**Problem requirements**
Copy the listing below exactly. Pictures stay out of it.

**Data provided**
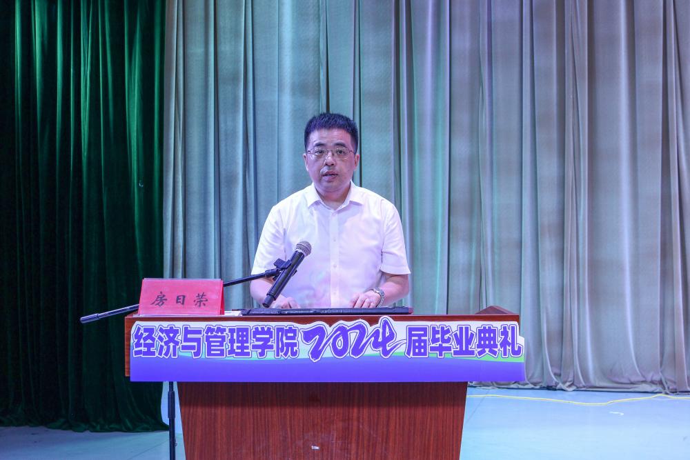 房曰榮院長在畢業(yè)典禮上滿腔熱忱地發(fā)表致辭。他向順利完成學(xué)業(yè)的2024屆畢業(yè)生表示熱烈的祝賀,向幫助同學(xué)們成長的老師們致以衷心的感謝和崇高的敬意。他回顧了這三年來同學(xué)們奮斗的足跡以及辛勤耕耘收獲的累累碩果,并向同學(xué)們提出了殷切希望:第一、守誠信,樹品格。希望同學(xué)們培養(yǎng)良好的品格和習(xí)慣,遵守社會公德和職業(yè)道德,不斷提升自己的品行修養(yǎng),為社會的發(fā)展貢獻力量;第二、追卓越,重實干。希望同學(xué)們賡續(xù)我?!熬媲缶?,密益求密”校風(fēng),以“一鼓作氣”的干勁、“一馬當先”的拼勁、“一往無前”的闖勁,在新時代新征程上留下青春的足跡;第三、立大志,擔(dān)使命。希望同學(xué)們樹立遠大的理想和抱負,自覺將社會責(zé)任銘記于心、付諸行動,將個人夢想融入民族復(fù)興的偉大事業(yè),讓青春在時代浪潮中激蕩出澎湃的浪花。
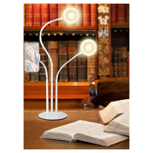 Luminária de mesa com 2 Ring Lights e Suporte para Smartphone
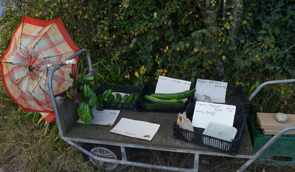 We landed on the tiny jetty and made our way up to the single track road, where I got ridiculously excited about an awesome honesty box from Veronica’s Farm, full to the brim with homemade jams and dried herbs. Whilst I dithered over which jam to buy, Dad had struck up a conversation with a lady heaving kitchen supplies and oil into her car on the harbour dock.
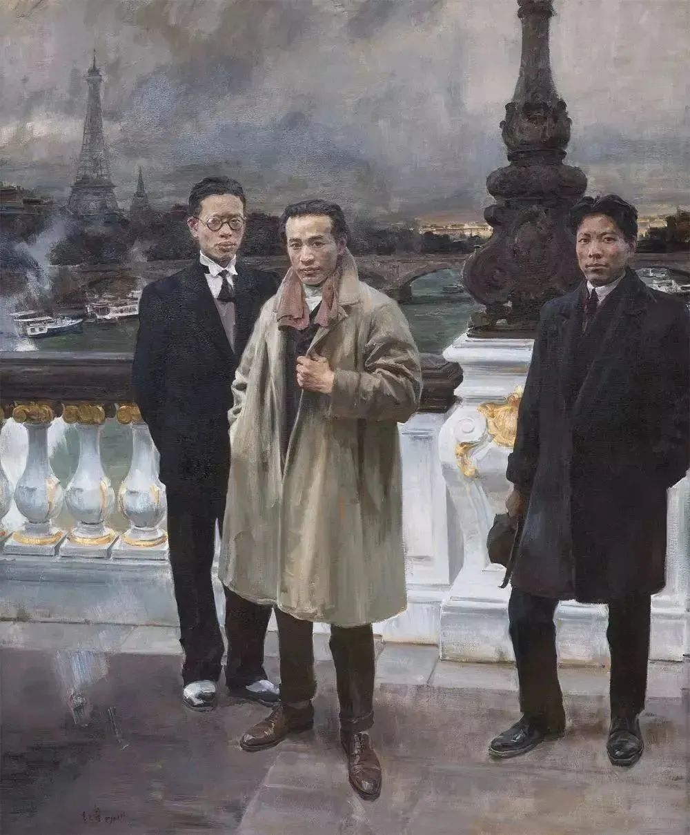 油画《桥上的风景》以肖像画的形式表现20世纪著名美术教育家林风眠、吴大羽、林文铮的欧洲留学生涯。

**Output for this task**
 房曰榮院長在畢業(yè)典禮上滿腔熱忱地發(fā)表致辭。他向順利完成學(xué)業(yè)的2024屆畢業(yè)生表示熱烈的祝賀,向幫助同學(xué)們成長的老師們致以衷心的感謝和崇高的敬意。他回顧了這三年來同學(xué)們奮斗的足跡以及辛勤耕耘收獲的累累碩果,并向同學(xué)們提出了殷切希望:第一、守誠信,樹品格。希望同學(xué)們培養(yǎng)良好的品格和習(xí)慣,遵守社會公德和職業(yè)道德,不斷提升自己的品行修養(yǎng),為社會的發(fā)展貢獻力量;第二、追卓越,重實干。希望同學(xué)們賡續(xù)我?!熬媲缶?,密益求密”校風(fēng),以“一鼓作氣”的干勁、“一馬當先”的拼勁、“一往無前”的闖勁,在新時代新征程上留下青春的足跡;第三、立大志,擔(dān)使命。希望同學(xué)們樹立遠大的理想和抱負,自覺將社會責(zé)任銘記于心、付諸行動,將個人夢想融入民族復(fù)興的偉大事業(yè),讓青春在時代浪潮中激蕩出澎湃的浪花。
 Luminária de mesa com 2 Ring Lights e Suporte para Smartphone
 We landed on the tiny jetty and made our way up to the single track road, where I got ridiculously excited about an awesome honesty box from Veronica’s Farm, full to the brim with homemade jams and dried herbs. Whilst I dithered over which jam to buy, Dad had struck up a conversation with a lady heaving kitchen supplies and oil into her car on the harbour dock.
 油画《桥上的风景》以肖像画的形式表现20世纪著名美术教育家林风眠、吴大羽、林文铮的欧洲留学生涯。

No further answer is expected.